*** Exercise data Section Begins ***

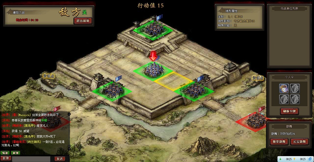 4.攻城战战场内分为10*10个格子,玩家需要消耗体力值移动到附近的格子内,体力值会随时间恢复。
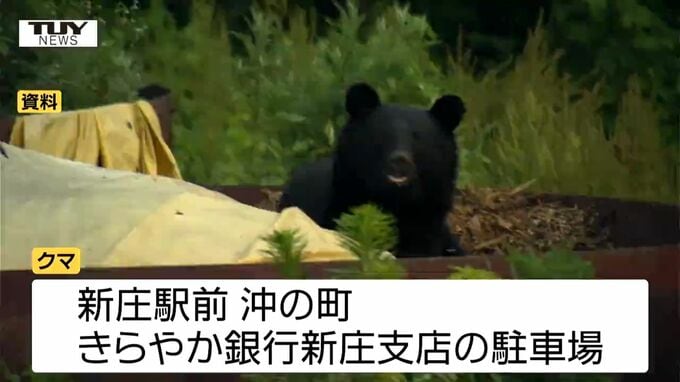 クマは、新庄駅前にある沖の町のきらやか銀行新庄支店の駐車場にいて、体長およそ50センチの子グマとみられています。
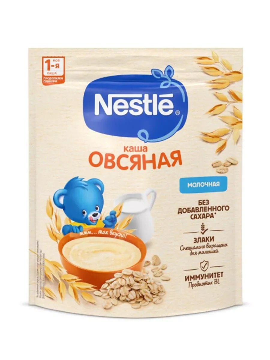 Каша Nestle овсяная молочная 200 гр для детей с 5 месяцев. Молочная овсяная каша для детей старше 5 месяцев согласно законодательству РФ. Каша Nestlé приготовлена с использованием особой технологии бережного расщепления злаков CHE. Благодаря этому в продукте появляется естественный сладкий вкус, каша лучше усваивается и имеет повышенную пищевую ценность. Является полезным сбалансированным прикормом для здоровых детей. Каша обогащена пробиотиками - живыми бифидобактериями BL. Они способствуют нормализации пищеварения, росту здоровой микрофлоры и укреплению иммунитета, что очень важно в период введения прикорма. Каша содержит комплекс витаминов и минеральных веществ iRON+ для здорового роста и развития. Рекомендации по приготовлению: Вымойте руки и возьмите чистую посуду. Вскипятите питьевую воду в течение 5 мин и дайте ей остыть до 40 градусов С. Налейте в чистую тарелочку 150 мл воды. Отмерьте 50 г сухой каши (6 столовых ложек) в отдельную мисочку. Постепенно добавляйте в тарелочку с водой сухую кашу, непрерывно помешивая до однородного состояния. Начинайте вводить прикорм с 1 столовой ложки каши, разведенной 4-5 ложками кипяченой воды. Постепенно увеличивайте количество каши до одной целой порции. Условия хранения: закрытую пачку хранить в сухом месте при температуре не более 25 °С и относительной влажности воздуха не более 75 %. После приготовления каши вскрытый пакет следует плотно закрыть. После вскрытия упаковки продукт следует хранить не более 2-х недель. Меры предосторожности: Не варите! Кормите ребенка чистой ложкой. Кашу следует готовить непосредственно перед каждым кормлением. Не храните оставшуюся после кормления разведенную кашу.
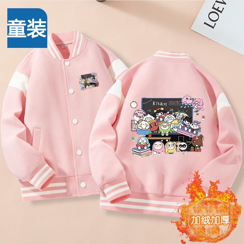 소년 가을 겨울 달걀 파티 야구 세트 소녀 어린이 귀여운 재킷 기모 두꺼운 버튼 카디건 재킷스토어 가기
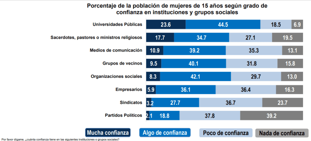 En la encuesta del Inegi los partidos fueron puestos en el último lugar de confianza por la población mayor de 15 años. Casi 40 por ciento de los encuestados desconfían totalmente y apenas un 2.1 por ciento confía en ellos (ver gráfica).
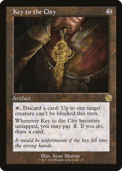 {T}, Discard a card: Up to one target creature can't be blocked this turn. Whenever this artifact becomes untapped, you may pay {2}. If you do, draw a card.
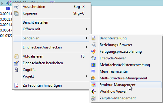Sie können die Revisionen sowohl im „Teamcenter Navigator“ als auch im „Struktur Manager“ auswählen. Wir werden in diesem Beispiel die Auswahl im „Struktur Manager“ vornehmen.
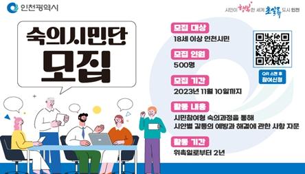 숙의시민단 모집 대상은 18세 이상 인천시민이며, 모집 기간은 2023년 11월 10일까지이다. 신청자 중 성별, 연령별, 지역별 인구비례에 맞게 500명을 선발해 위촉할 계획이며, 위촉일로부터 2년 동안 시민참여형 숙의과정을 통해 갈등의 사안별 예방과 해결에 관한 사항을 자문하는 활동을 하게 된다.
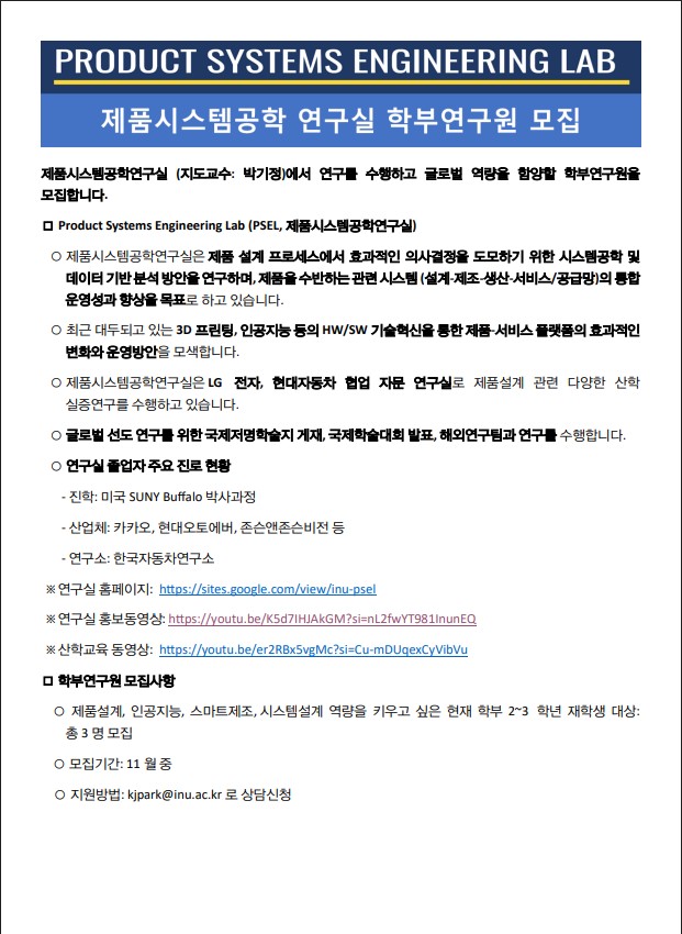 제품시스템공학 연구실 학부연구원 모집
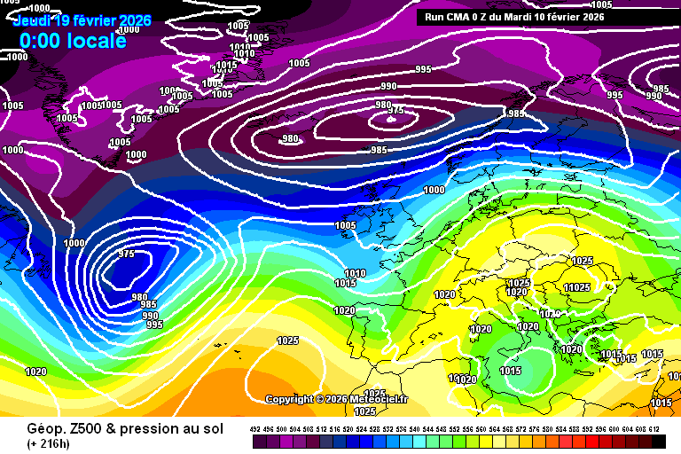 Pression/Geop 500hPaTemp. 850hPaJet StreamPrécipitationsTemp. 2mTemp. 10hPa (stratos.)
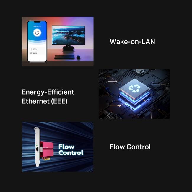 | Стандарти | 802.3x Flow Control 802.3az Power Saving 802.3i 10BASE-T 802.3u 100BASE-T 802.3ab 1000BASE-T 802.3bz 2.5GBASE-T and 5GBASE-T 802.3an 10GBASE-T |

*** Exercise data Section Ends ***
*** Exercise data Section Begins ***

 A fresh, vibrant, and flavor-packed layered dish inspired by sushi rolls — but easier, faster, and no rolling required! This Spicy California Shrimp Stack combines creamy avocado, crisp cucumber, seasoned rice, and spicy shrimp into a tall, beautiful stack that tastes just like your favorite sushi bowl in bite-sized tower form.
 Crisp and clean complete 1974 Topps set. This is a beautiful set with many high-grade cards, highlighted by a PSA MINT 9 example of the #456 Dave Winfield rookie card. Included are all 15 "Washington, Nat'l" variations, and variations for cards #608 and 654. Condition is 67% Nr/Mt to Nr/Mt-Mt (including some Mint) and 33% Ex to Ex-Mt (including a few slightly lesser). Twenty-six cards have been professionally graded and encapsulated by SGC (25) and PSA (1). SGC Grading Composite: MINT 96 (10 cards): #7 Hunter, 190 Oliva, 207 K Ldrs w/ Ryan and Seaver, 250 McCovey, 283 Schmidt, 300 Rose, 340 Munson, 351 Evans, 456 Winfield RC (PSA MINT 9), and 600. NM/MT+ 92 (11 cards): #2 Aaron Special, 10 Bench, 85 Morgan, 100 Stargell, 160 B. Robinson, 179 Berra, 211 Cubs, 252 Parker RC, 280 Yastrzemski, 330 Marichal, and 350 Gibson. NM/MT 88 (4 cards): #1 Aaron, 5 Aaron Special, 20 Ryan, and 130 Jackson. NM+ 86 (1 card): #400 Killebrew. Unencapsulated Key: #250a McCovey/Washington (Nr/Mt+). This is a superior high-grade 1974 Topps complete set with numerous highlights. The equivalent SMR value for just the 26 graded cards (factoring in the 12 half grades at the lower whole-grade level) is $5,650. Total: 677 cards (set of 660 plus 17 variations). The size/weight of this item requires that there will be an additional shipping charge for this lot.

*** Exercise data Section Ends ***
*** Exercise data Section Begins ***

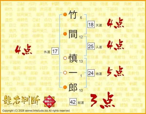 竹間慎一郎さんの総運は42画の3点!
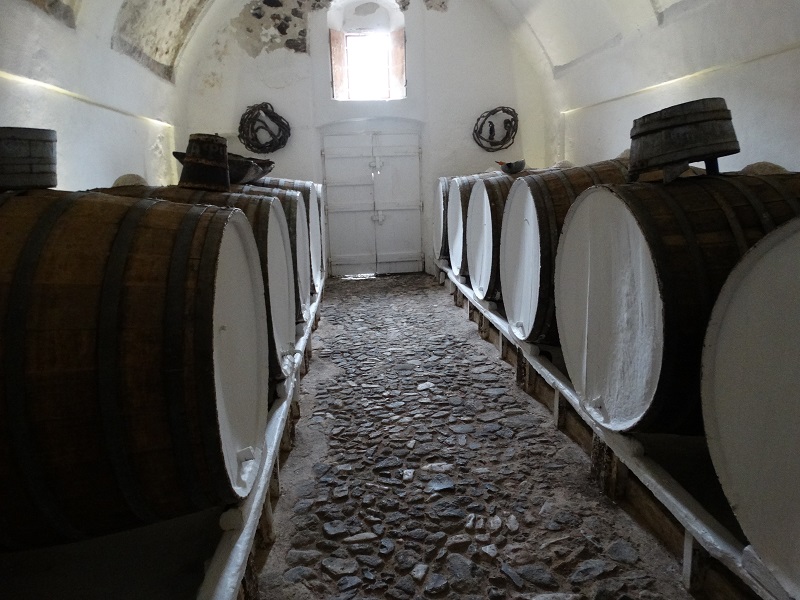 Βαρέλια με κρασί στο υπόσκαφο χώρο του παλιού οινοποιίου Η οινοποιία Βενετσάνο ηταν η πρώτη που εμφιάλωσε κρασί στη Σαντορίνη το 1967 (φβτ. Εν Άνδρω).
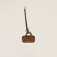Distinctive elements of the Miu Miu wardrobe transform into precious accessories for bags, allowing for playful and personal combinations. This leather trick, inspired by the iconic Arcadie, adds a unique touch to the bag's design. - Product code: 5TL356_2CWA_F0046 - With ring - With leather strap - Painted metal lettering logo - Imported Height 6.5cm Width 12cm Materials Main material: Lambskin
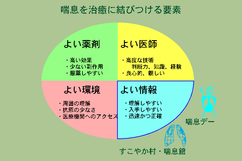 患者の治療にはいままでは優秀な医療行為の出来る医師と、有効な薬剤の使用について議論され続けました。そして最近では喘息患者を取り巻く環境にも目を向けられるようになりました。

*** Exercise data Section Ends ***

▸ **Work task**
Using the data above, return the lines from the one holding "4.攻城战战场内分为10*1" through the one holding "クマは、新庄駅前にある沖の町" exactly, but not the pictures.

▸ **Result of this exercise**
 4.攻城战战场内分为10*10个格子,玩家需要消耗体力值移动到附近的格子内,体力值会随时间恢复。
 クマは、新庄駅前にある沖の町のきらやか銀行新庄支店の駐車場にいて、体長およそ50センチの子グマとみられています。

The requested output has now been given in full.